Step 3: Install Open WebUI for a chat interface
Ollama on its own is a CLI/API. For a ChatGPT-like web UI, install Open WebUI. Cleanest way is Docker:
docker run -d -p 3000:8080 \ --add-host=host.docker.internal:host-gateway \ -v open-webui:/app/backend/data \ --name open-webui --restart always \ ghcr.io/open-webui/open-webui:main
Browse to http://localhost:3000, create the admin account (first user becomes admin), and you have a chat UI talking to your local Llama. Multi-user auth, conversation history, document upload for RAG, all included.
Step 4: Bind correctly so it doesn’t leak
By default Ollama binds to 127.0.0.1, which is correct. If you want to access it from another machine on your local network, set OLLAMA_HOST=0.0.0.0:11434, but only do that on a network you trust, ideally behind a firewall and a VLAN that doesn’t reach the internet.

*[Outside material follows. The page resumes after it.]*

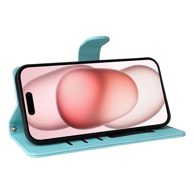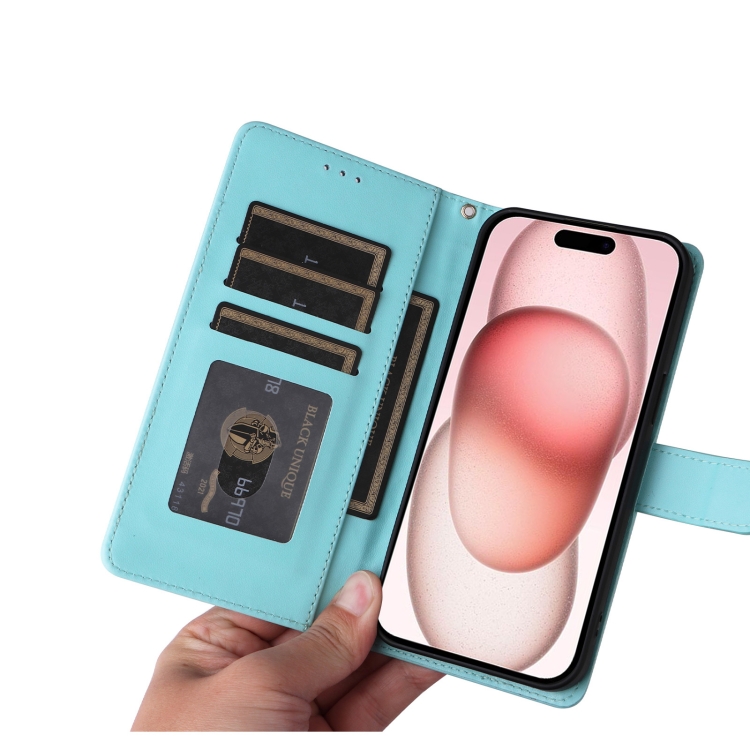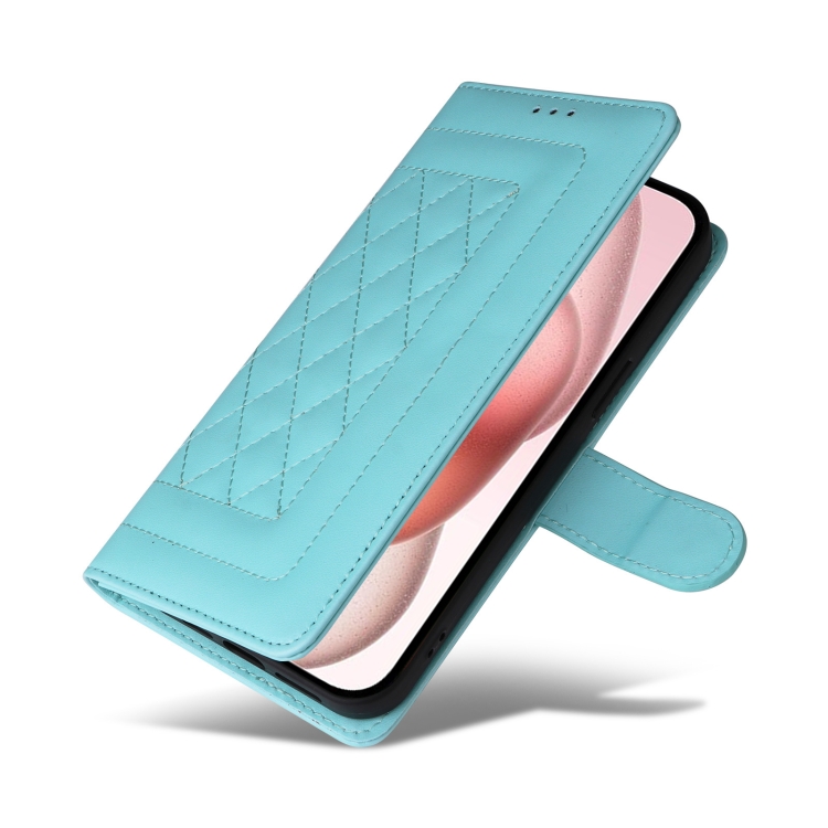Funda de teléfono para iPhone 15 con tapa de cuero Diamond Lattice (Verde Menta)

Do not expose Ollama or Open WebUI to the public internet. They have no auth by default and any drive-by scanner finds them within hours.

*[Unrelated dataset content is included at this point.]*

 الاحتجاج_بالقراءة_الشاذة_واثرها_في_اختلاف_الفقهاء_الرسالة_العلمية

Step 5: Alternative tooling worth knowing
LM Studio, desktop GUI for browsing and running local models, no command line. Easier for non-technical users.
Jan, open-source ChatGPT alternative that runs entirely locally, with a polished UI.
Hugging Face, the underlying model marketplace. If you want to verify weights against published hashes before downloading, hugging face is the source of truth.
Step 6: Use cases that justify the setup
Don’t run local AI for every prompt, cloud models are still better and cheaper for general use. Run local for:
- Reviewing leaked datasets, malware samples, or anything sensitive that shouldn’t leave your perimeter
- Privileged legal or medical document review where data residency is contractual
- Bulk processing where you’d hit cloud rate limits or rack up significant API spend
- Offline work, flights, conferences with hostile networks, sensitive client sites
For everything else, cloud is fine. The hybrid setup, Anthropic for general chat, local Llama for sensitive work, is what most practitioners actually run in 2026.